▶ _Aim of the task_: What needs reproducing is the run of lines in the data below starting at the line with "Coromega, Omega-3 +" and ending at the line with "此次個稅改革再次提高基本減除", both ends included. Copy it exactly, without pictures, and add nothing.

▶ _Exercise input_:
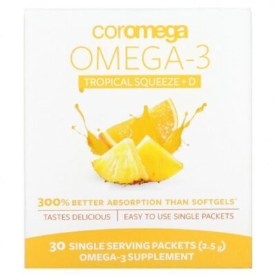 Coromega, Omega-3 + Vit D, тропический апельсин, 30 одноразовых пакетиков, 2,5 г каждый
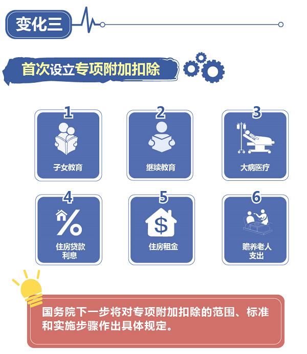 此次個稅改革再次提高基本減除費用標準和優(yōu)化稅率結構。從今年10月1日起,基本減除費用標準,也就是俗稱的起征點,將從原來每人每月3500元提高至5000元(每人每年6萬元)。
* * *
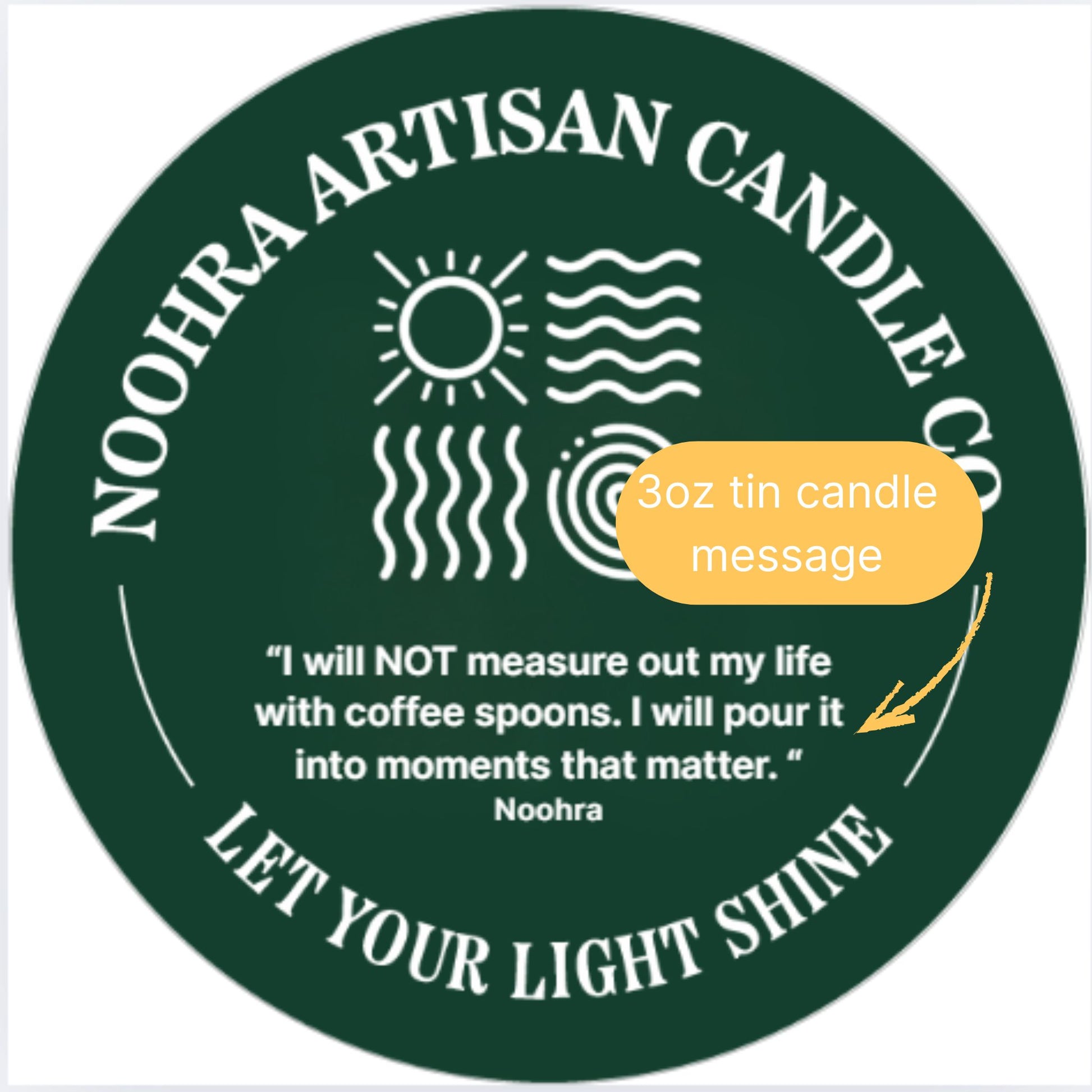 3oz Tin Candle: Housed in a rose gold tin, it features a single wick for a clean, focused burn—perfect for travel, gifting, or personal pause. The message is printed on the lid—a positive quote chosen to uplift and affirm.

▶ _Exercise result_:
 Coromega, Omega-3 + Vit D, тропический апельсин, 30 одноразовых пакетиков, 2,5 г каждый
 此次個稅改革再次提高基本減除費用標準和優(yōu)化稅率結構。從今年10月1日起,基本減除費用標準,也就是俗稱的起征點,將從原來每人每月3500元提高至5000元(每人每年6萬元)。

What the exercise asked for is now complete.